Exercise:
Your output should be the lines from the one with "Positive locking system." through the last line of the records below, exactly as written, minus the pictures.

[Stored items]
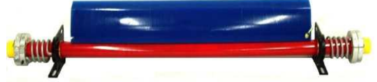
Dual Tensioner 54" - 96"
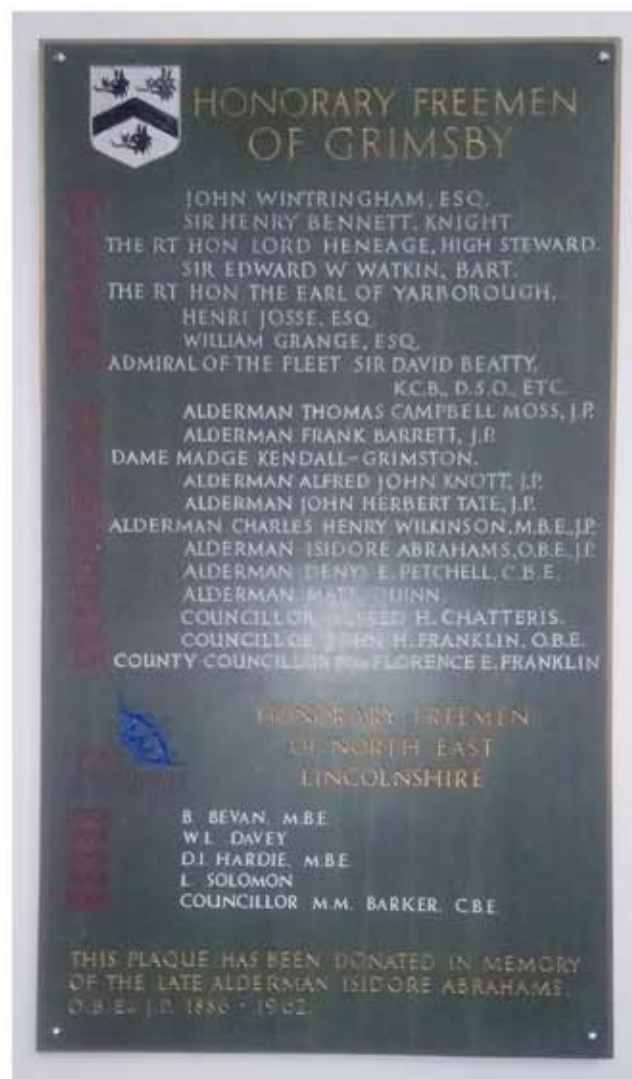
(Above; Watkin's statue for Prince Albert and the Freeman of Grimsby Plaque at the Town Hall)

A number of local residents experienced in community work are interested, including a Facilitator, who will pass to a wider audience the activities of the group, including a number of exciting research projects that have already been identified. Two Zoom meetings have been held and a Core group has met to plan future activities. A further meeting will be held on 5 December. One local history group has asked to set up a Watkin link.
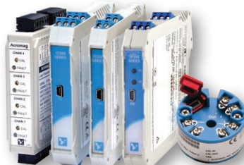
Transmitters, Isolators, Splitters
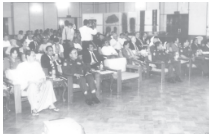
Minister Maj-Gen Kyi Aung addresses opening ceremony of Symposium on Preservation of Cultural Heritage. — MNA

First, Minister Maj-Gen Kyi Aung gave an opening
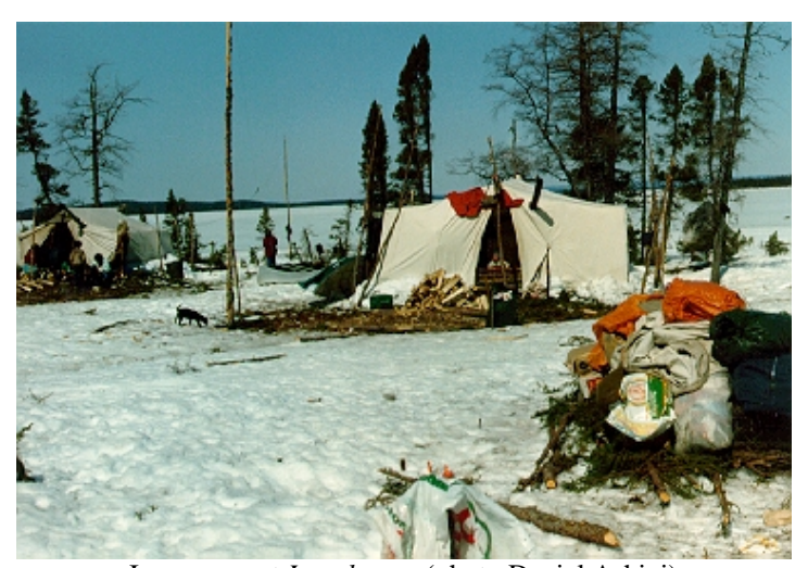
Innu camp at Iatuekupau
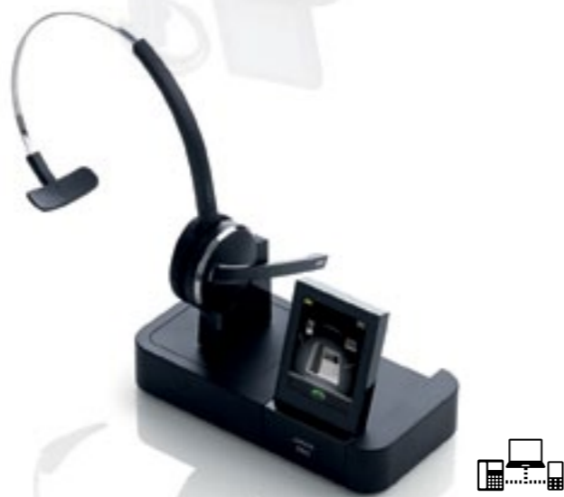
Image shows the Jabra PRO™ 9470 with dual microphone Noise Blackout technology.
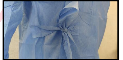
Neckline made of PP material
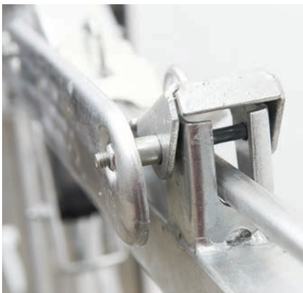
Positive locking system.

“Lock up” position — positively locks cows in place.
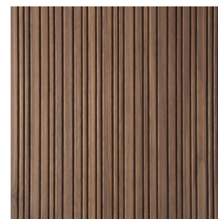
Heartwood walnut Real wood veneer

Answer to this task:
Positive locking system.

“Lock up” position — positively locks cows in place.
Heartwood walnut Real wood veneer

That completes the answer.